Select the maximum and minimum values in the data for normalization?
Thanks!
For the conversion from absolute metric space to relative normalized actions, the position component (x,y,z) is clipped at the interval [-0.02, 0.02] and the orientation component (euler angles) at [-0.05, 0.05]. After the clipping, we normalize to the range [-1, 1]. This happens in the calvin_env at the time of rendering.

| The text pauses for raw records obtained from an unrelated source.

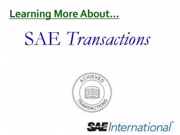 is included in SAE Transactions. - He/she considers the recommendations of both the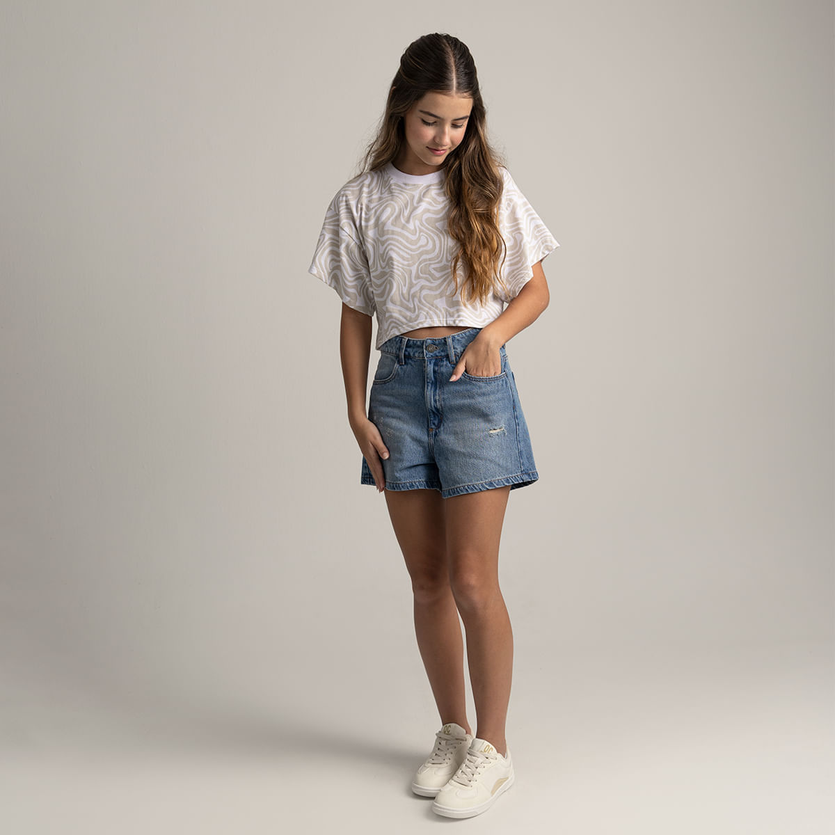 Camiseta croptop manga sisa para niña con abertura en la espalda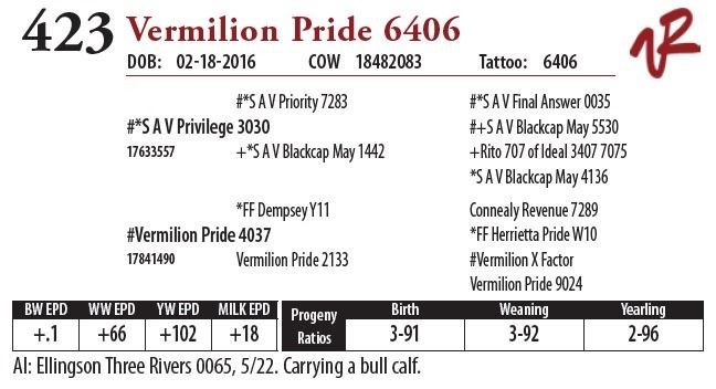 All bulls will be covered 50% by Vermilion Ranch if they are injured during their first breeding season. Breeding season is defined as the 60-day period following the first turnout of bulls.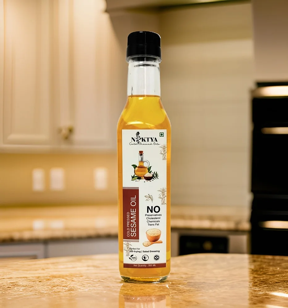 Niktya Cold Pressed Sesame Oil brings you the essence of nature in its purest form. Our Sesame oil is extracted using the cold-pressed method, preserving its natural goodness and delivering unparalleled benefits for your skin, hair, and health.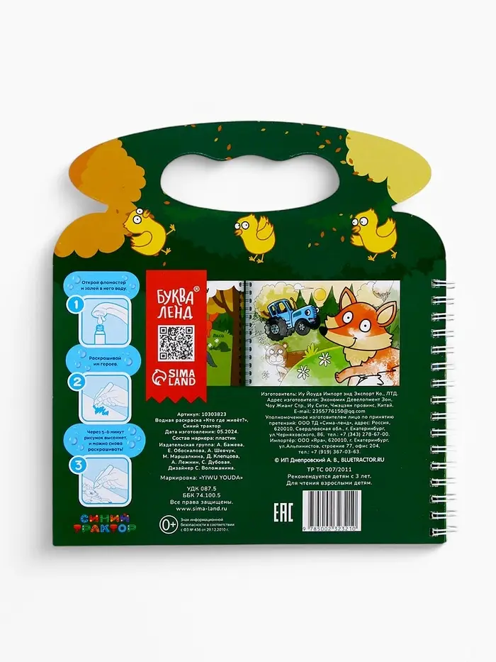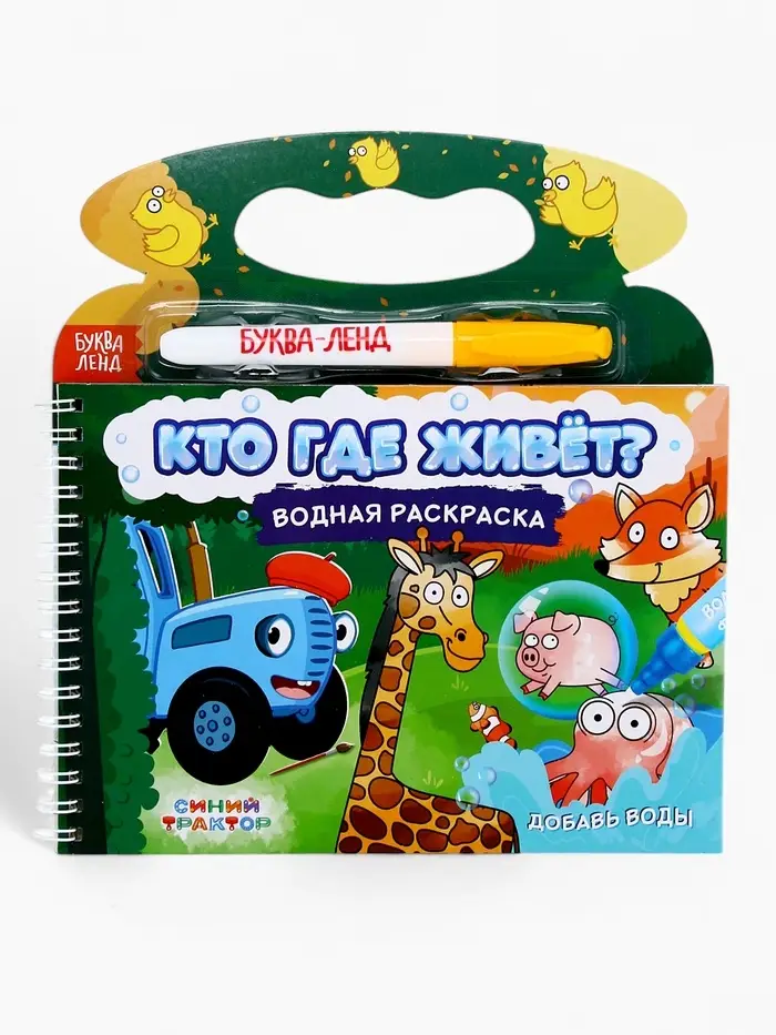 Многоразовая раскраска «Рисуем водой. Кто где живёт?» с Синим трактором — это увлекательное занятие для детей от 3 лет, где любимые персонажи оживают под воздействием воды. В комплект входит специальный фломастер, который заправляется водой, и 8 страниц с изображениями синим трактором и его друзей. Интегральный переплёт на пружинке делает книгу удобной для использования дома или в дороге.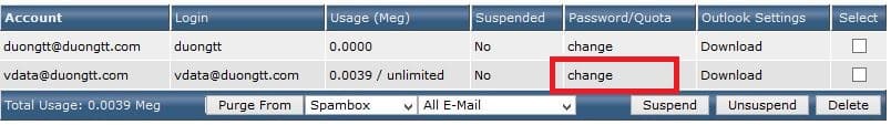 Để thay đổi password cho email account ta chọn “Change“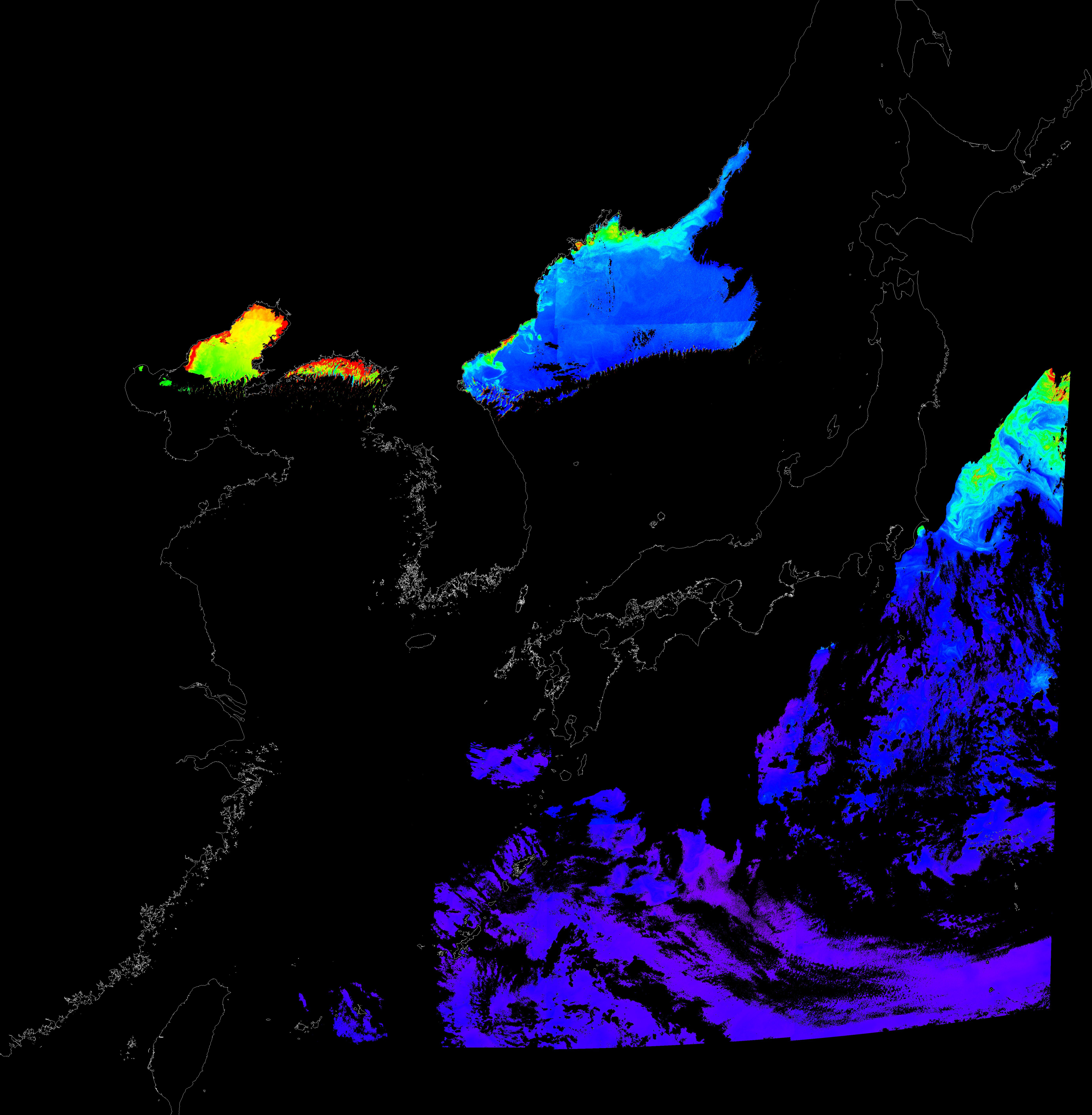 o 2016년 3월 8일 천리안 GOCI 클로로필 a 위성영상입니다.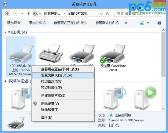 在需要设置成为默认的打印机上面点击鼠标右键,在弹出菜单中选择“设为默认打印机”,只有这个打印机的左下角就会多出一个绿色的对勾图标,这样就成功了!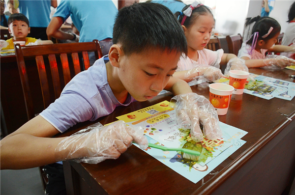 10号上午,安庆师大学生来到安庆市永林社区支教,在为社区留守儿童开展的以垃圾分类和再利用为主题的环保知识课堂中,孩子们学习了手工制作叶脉书签的方法。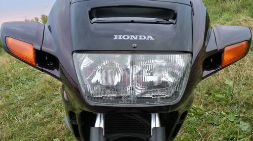 Dubbele koplampen Hildo wantrouwt motorfietsen met dubbele koplampen. Liever één grote dan twee lullige koplampjes. In het donker zou een automobilist een motorfiets met dubbele koplampen misschien kunnen aanzien voor een auto die ver weg is, zeker bij exemplaren die verder uit elkaar gemonteerd zitten dan bij deze motor. Een 'oeps' moment dat u niet wilt meemaken. Bij dimlicht is er maar één van de knullige koplampjes verlicht en Hildo is er niet van onder de indruk. Lichtopbrengst: belabberd! Tot nu toe vrijwel alleen lovende woorden over deze Honda, maar dat houdt bij de lichtopbrengst op. Die is rampzalig slecht. De lichtbundel lijkt op die van een gedeukte Chinese zaklantaarn en er is heel veel strooilicht wat tamelijk verblindend werkt voor tegenliggers. Dit is met vlag en wimpel de slechtste H4 koplamp met E-keur waar Hildo ooit mee gereden heeft. Met dimlicht brandt alleen de linkerkoplamp, met grootlicht branden beide koplampen en dan is het prima. Vroeger mocht een motorfiets maar één koplamp hebben met dimlicht, maar tegenwoordig zijn twee toegestaan. Het glas bij deze koplamp is verschillend, dus dit zal wel een oude constructie betreffen waarbij maar één dimlicht gevoerd mag worden. Misschien dat Hildo desondanks toch voor dubbel aansluiten van het dimlicht gaat omdat de huidige situatie niet voldoet in het pikkedonker van een maanloze nacht op het Groningse platteland. Hij wil graag kunnen zien waar hij rijdt maar dat lijkt, zoals het nu is, onder de maat... in ieder geval tot het grootlicht aangaat.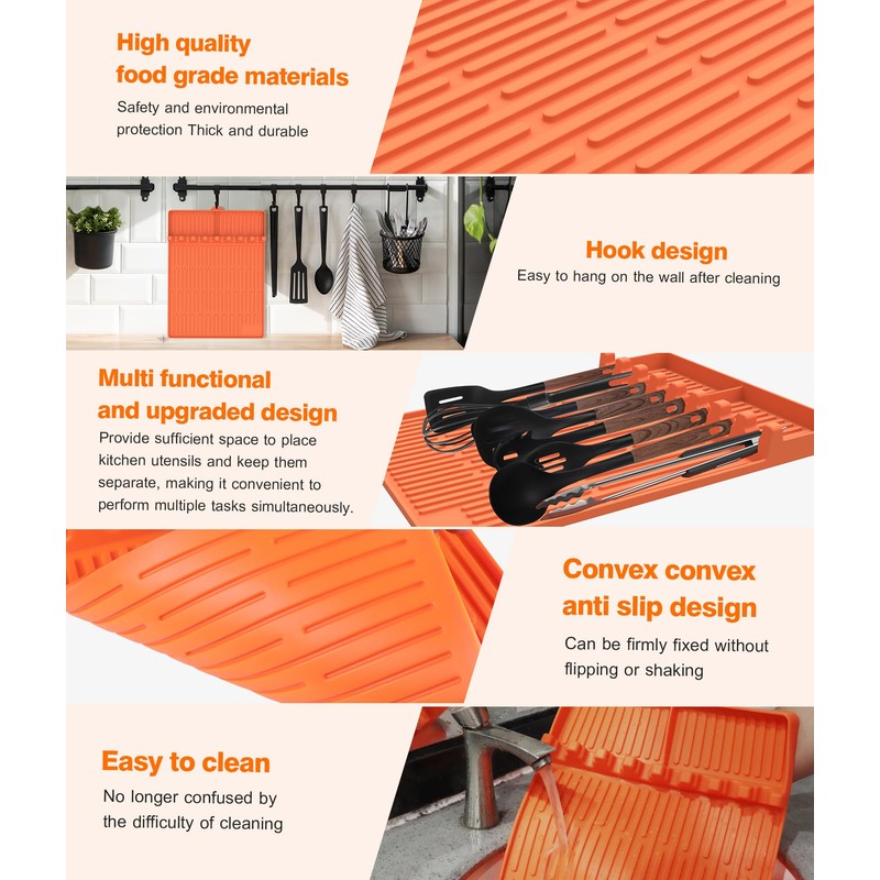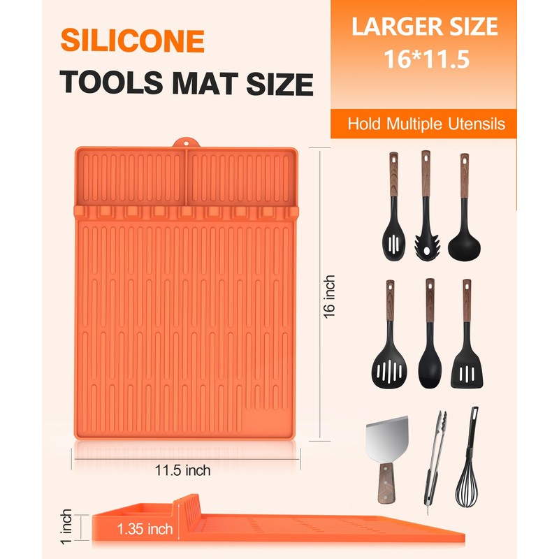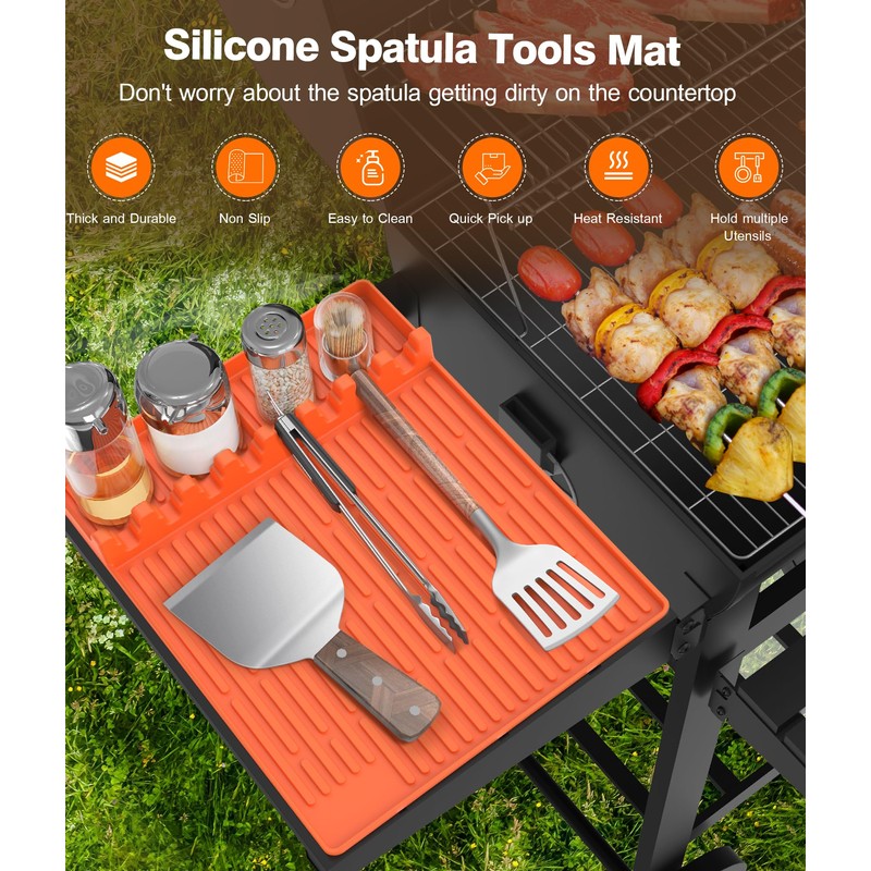 - Large Multipurpose Silicone Spatula Mat: With a large size of 16 inches by 11.5 inches with 8 slots, this silicone spatula tools mat will keep various grill cooking tools such as spoons organized and within easy reach on your grill side shelf when multi-tasking in the kitchen- keep your cooking area clean and tidy!
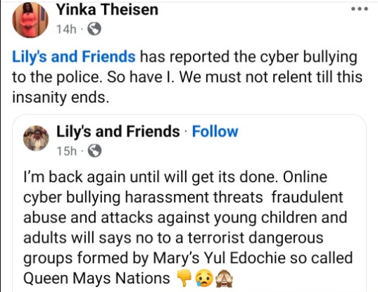In addition, she called on Nigerians abroad to rally behind her in reporting May Edochie’s supporters to the police for alleged cyber-bullying.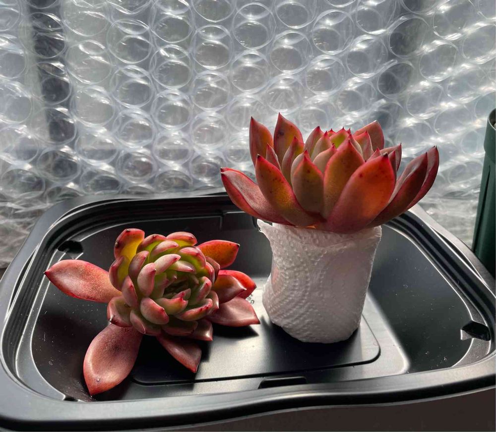 同じ株から分けた双子のレッドリリー、黒いプラケースに平置きとフェス巻き、どっちが早く発根するかを一人でプチ実験しています🔍(防寒のために巨大プチプチ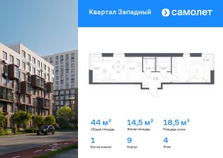 Строим кварталы для жизни с заботой о будущем. Предлагается 1-комнатная квартира комфорт-класса 43,95 кв.м в корпусе 9 на 4 этаже, в ЖК "Квартал Западный"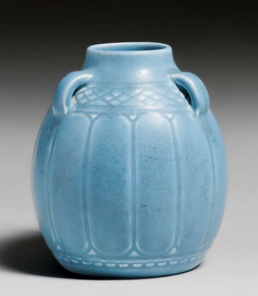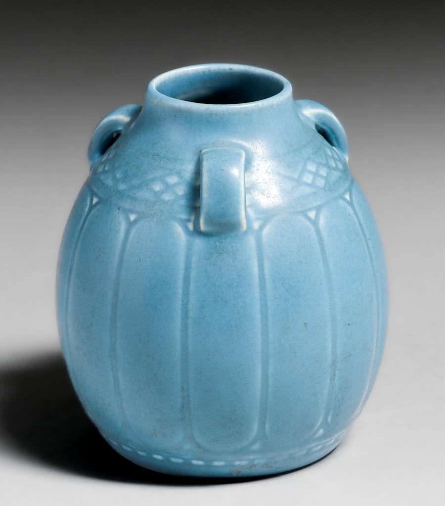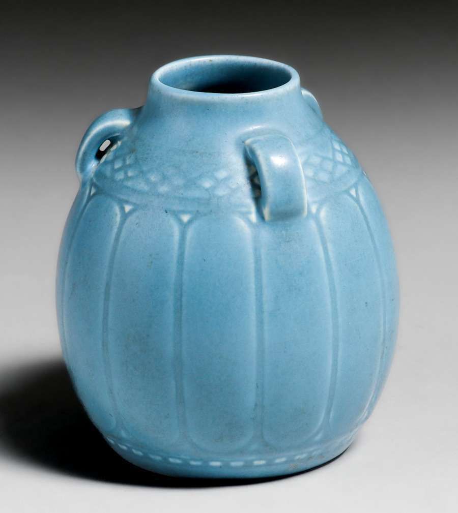 Rookwood #6085 Three-Handle Matte Blue Vase 1929. Signed. Perfect condition. 4.5"h x 3 5/8"d SOLD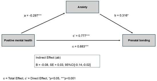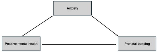 Background/Objectives: The establishment of strong prenatal bonding is a key determinant of perinatal well-being, influencing maternal psychological adaptation and infant development. Numerous studies have examined risk factors and psychopathology during pregnancy, but limited research has explored the role of positive psychological constructs, such as positive mental health (PMH). This study aimed to assess whether anxiety mediates the relationship between PMH and the quality of prenatal bonding. Methods: A total of 90 pregnant women participated. PMH was assessed using the Abbreviated Positive Mental Health Questionnaire; anxiety using the Hospital Anxiety and Depression Scale; and prenatal bonding using the Prenatal Assessment Scale for Pregnant Women (EVAP). A simple mediation model was tested, with anxiety as a mediator between PMH (predictor) and prenatal bonding (outcome), controlling the analysis for previous miscarriages, relationship stability, high-risk pregnancy, and employment. Results: The model revealed partial mediation (F = 16.617, p < 0.001). Higher PMH was associated with lower anxiety (B = −0.297, SE = 0.062, p < 0.001) and stronger prenatal bonding (B = 0.777, SE = 0.091, p < 0.001). Interestingly, anxiety emerged as an adaptive response, which could improve maternal sensitivity and communication with the unborn child (B = 0.316, SE = 0.145, p = 0.032). The model explained 56% of the variance in prenatal bonding, even after accounting for relevant covariates. Conclusions: These findings underscore the importance of considering contextual and psychosocial factors when assessing the role of emotions such as anxiety during pregnancy. Rather than being inherently maladaptive, anxiety may play a functional role in facilitating maternal engagement with the baby, especially when grounded in PMH. Given the limited research, our findings support the integration of positive psychology frameworks into perinatal health interventions.

To convert them to back metric space, the position component (x,y,z) is multiplied by 0.02 and the orientation component (euler angles) by 0.05. This happens in calvin_env here, when we do a rollout and want to control the robot with relative actions.
Hello:
What if I want to normalize all observations to -1 to 1?
Where can I see the maximum and minimum values of observations for the dataset?
Thanks!
I don't know the min and max values for the state observation, you would have to go through the dataset and check.
What we do is normalize the observation to mean 0 and std 1 with this script. We save the results in the statistics.yaml
file in the dataset training and validation folder respectively.
robot_obs:
- _target_: calvin_agent.utils.transforms.NormalizeVector
mean: [0.039233, -0.118554, 0.507826, 1.079174, -0.083069, 1.579753,
0.054622, -0.736859, 1.017769, 1.792879, -2.099604, -0.993738,
1.790842, 0.586534, 0.095367]
std: [0.150769, 0.1104 , 0.06253 , 2.883517, 0.126405, 0.377196,
0.030152, 0.334392, 0.172714, 0.240513, 0.3842 , 0.198596,
0.158712, 0.346865, 0.995442]
scene_obs:
- _target_: calvin_agent.utils.transforms.NormalizeVector
mean: [0.150934, 0.119917, 0.000239, 0.042049, 0.487755, 0.47448 ,
0.057482, -0.088074, 0.431237, 0.046034, 0.030599, 0.027333,
0.062103, -0.092833, 0.430236, -0.054962, 0.019381, 0.096546,
0.064944, -0.093058, 0.428381, 0.024941, 0.002746, -0.031589]
std: [ 0.125757, 0.09654 , 0.002148, 0.041916, 0.49985 , 0.499348,
0.146225, 0.119266, 0.050408, 1.430807, 0.676023, 2.017468,
0.142979, 0.113236, 0.049651, 1.545888, 0.3906 , 1.763569,
0.143077, 0.11546 , 0.050363, 1.514873, 0.431664, 1.860245]
If you want to normalize to -1 and 1, just modify the script I linked, but it will take some time to run through the whole dataset.